E. Application of subpart F to bona fide residents of a possession
With respect to bona fide residents of section 935 possessions and the
USVI (mirror code possessions), corporations created or organized in the
possession in which they reside are treated as domestic corporations for mirror
code tax purposes. Thus, provisions such as subpart F of part Ill of subchapter
N of chapter 1 of the Code (relating to controlled foreign corporations) as
mirrored do not apply with respect to their ownership of such corporations.

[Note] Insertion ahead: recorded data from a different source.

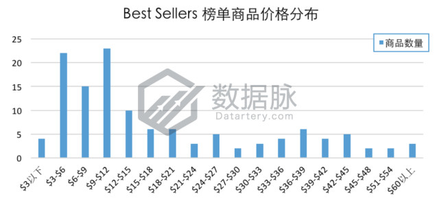 上周Office Products品类Best Sellers榜单商品最高价$64.9,最低价$0.58,平均价格$19.72。骆探长(shujumai.com)发现,其中定价在$9.00-$12.00价格区 间的商品数较多,占了上榜商品总数的16.67%;同时,也有不少上榜商品价格分布于$9.00-$12.00区间内,占比上榜商品总数的15.94%。在高价格段,上周仅有3款上榜商品价格超过了$60.00,占比2.17%。相比该品类的上期分析,该周进榜Best Sellers榜单的商品平均价格出现回暖,高价商品进榜机会增加。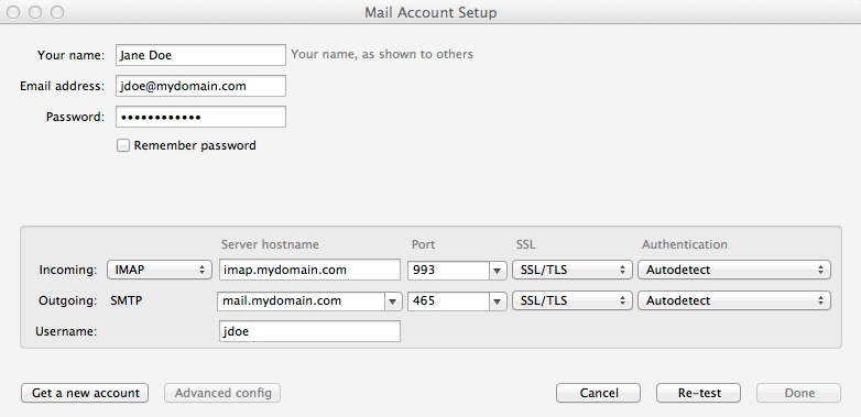Email address: Enter your main e-mail address (e.g. jdoe@mydomain.com)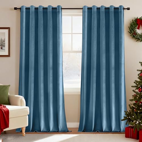 Deconovo Velvet Blue Curtains Eyelet Soft Bedroom Thermal Curtains Insulated Elegent Room Darkening Panels for Living Room 46 x 90 Inch Stone Blue One Pair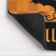 A beautifully elegant black bat silhouette on an orange chequered pattern against a black background. This design features scroll work swirls and Gothic lettering. Shown here on a mouse pad for Halloween.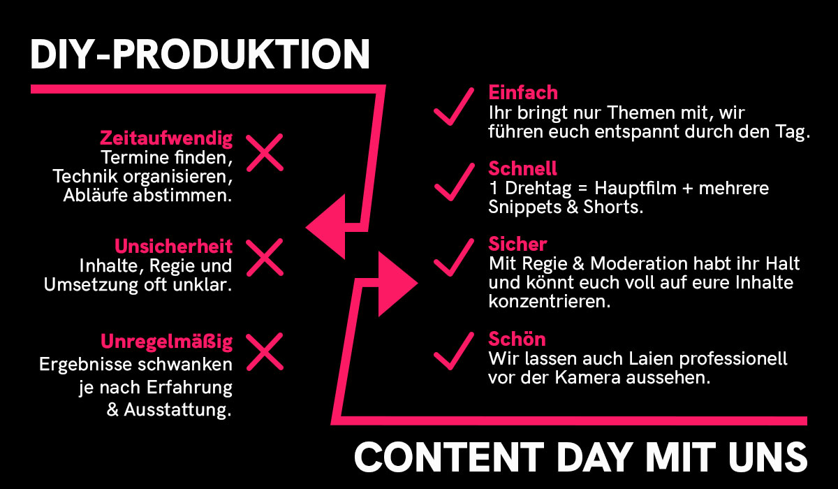 DIY kostet Zeit und Nerven (Termine, Technik, Abstimmung) und liefert oft unterschiedliche Ergebnisse. Beim Content Day mit uns wird’s einfach, schnell und sicher: Sie bringen Themen mit, wir führen durch den Tag – Ergebnis: professioneller Output vom Hauptfilm bis zu Snippets & Shorts, auch für 9:16. Zusätzlich sorgen wir dafür, dass auch Laien vor der Kamera gut aussehen.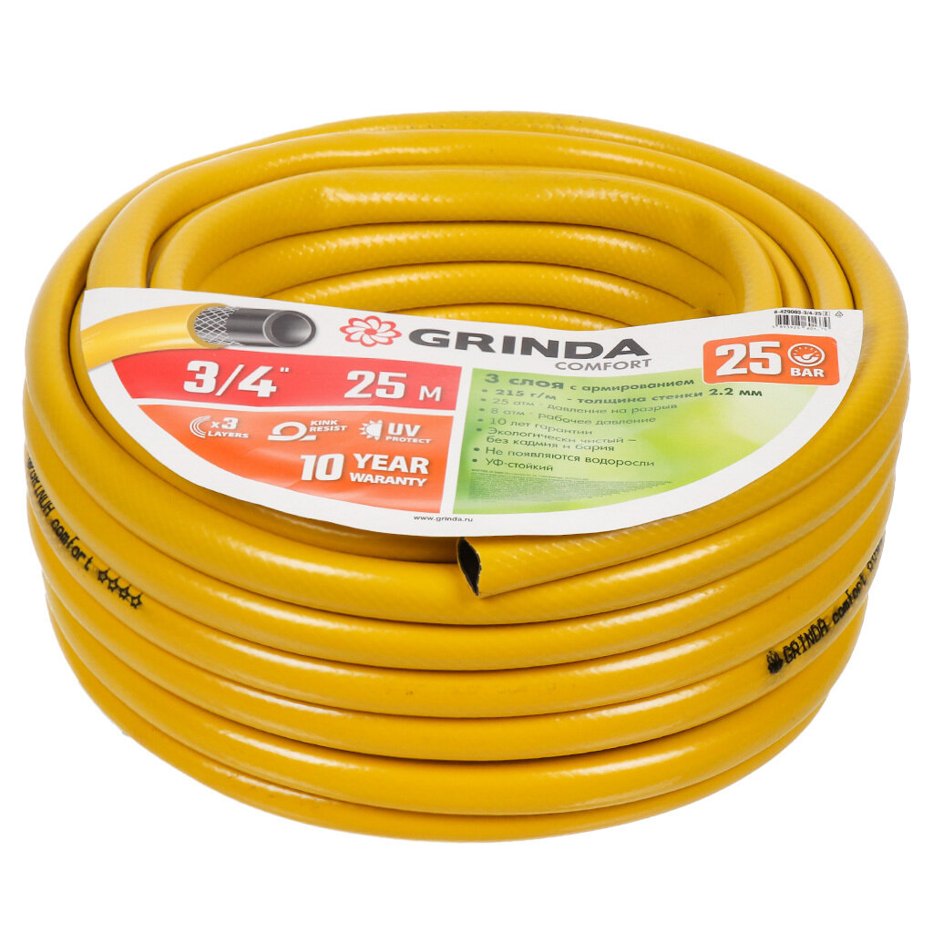 GRINDA COMFORT 3/4″ 25 м, 25 атм, трёхслойный, армированный, Поливочный шланг (8-429003-3/4-25)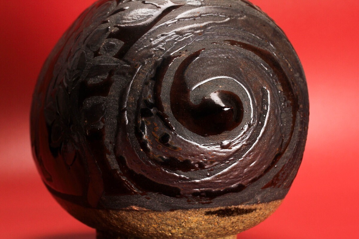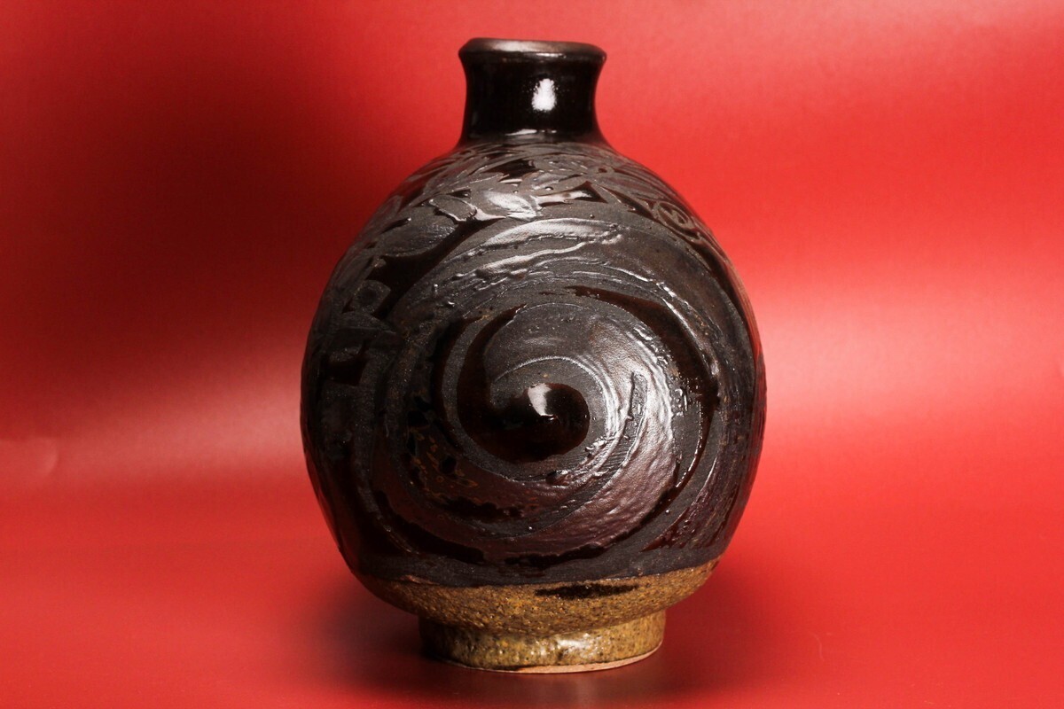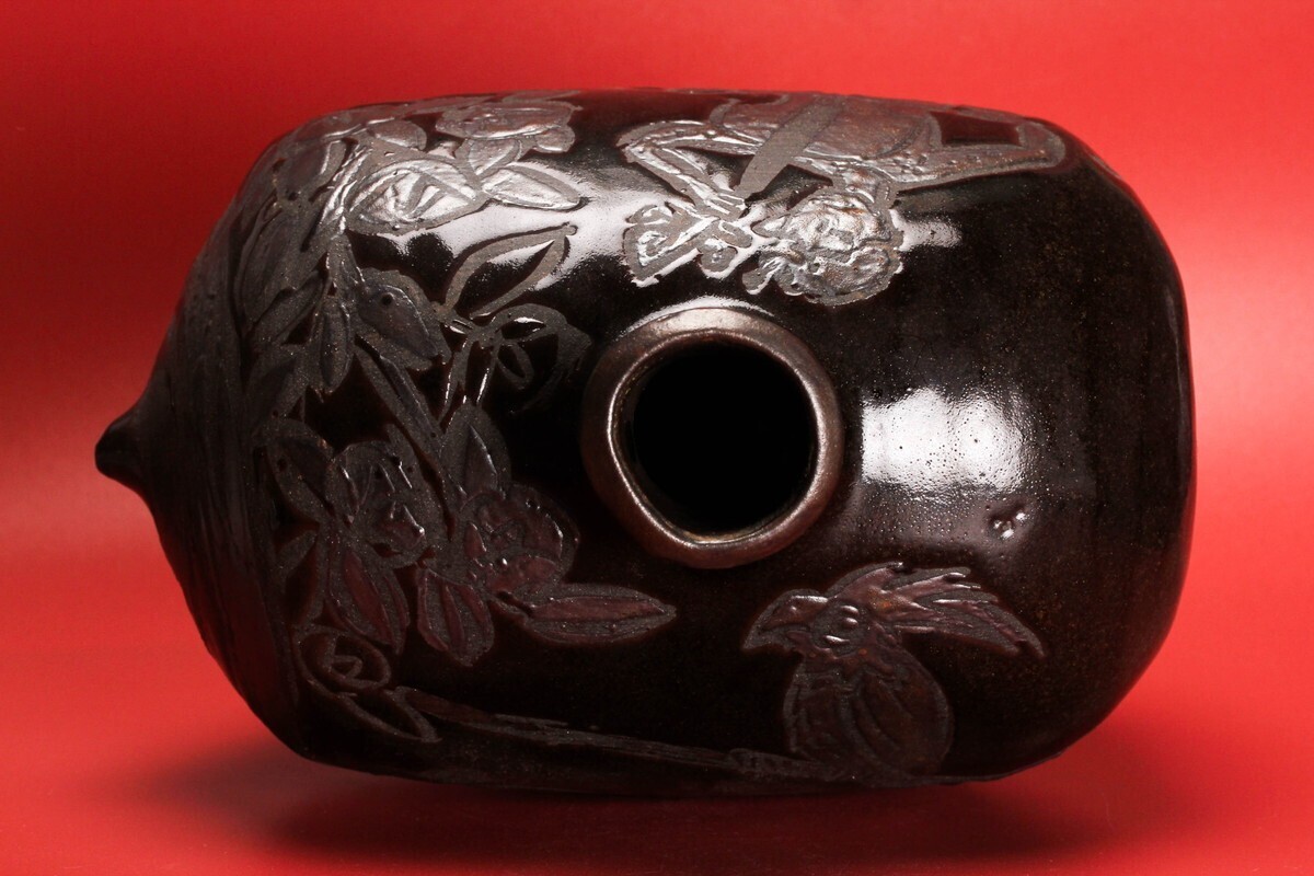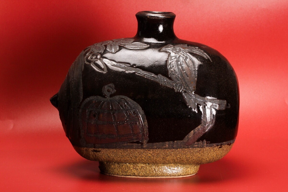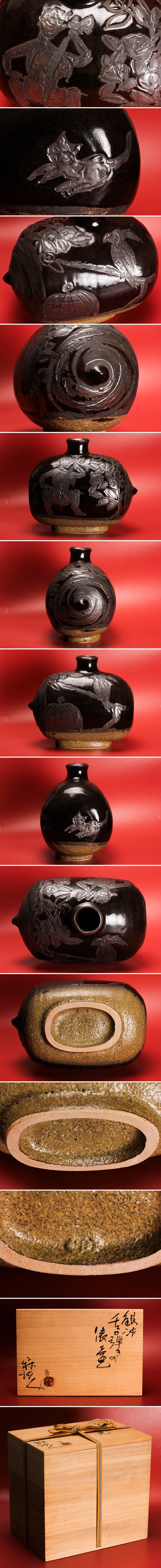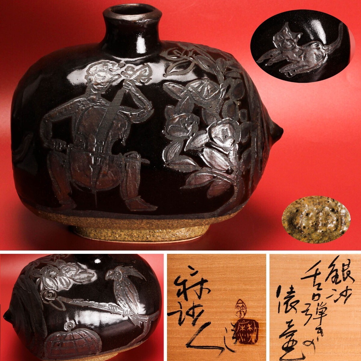 伊藤麻沙人 秀逸作 銀沙チェロ弾き文俵壷 共箱 本物保証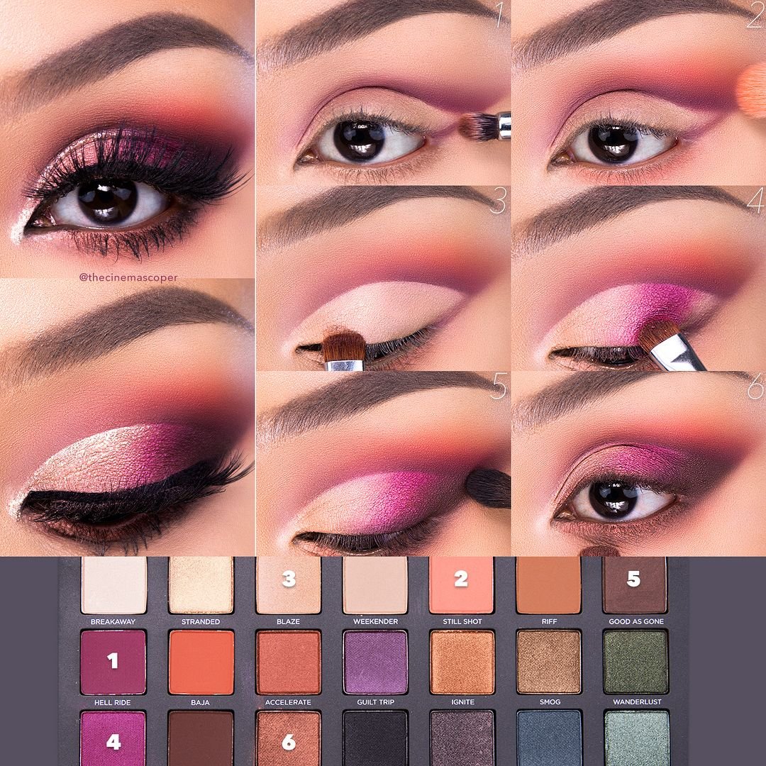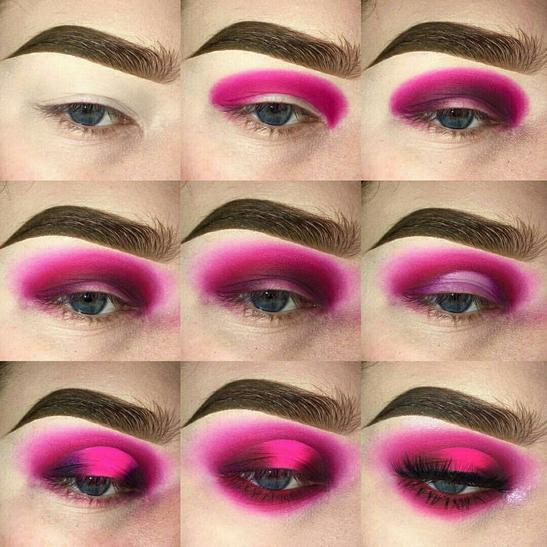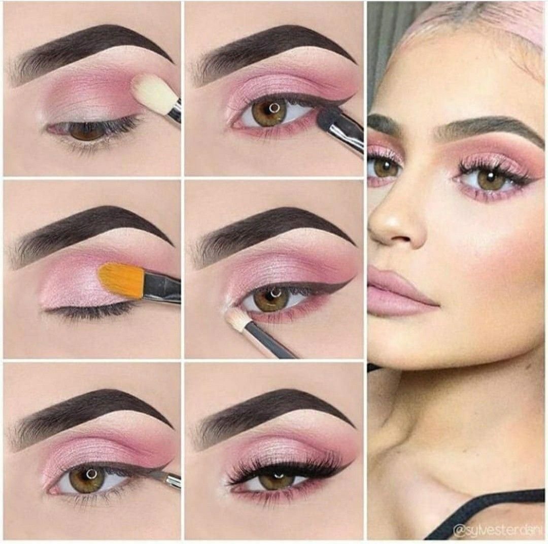 Розовый макияж глаз пошагово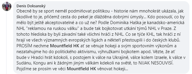 🧵 Dnes se v médiích objevily informace, že by v hradeckém hokejovém klubu @MountfieldHK měl hrát hráč z ruské KHL. Kluby a hráči KHL pravidelně vyjadřují podporu ruské armádě, která na Ukrajině páchá válečné zločiny. pic.twitter.com/Hb6RNr43FD

With respect to bona fide residents of section 931 possessions and Puerto
Rico, corporations created or organized in the possession in which they reside
are treated as foreign corporations for U.S. Federal income tax purposes. Thus,
in cases where, after the application of section 931 or 933 as the case may be,
such individuals are required to file U.S. Federal income tax returns, they
generally must treat such corporations as foreign corporations for purposes of
applying provisions, such as subpart F, to determine their U.S. Federal income
tax liability.
Section 957(c), however, provides a significant exception for bona fide
residents of section 931 possessions and Puerto Rico. In cases where it applies,
the individual is not treated as a United States person for purposes of subpart F.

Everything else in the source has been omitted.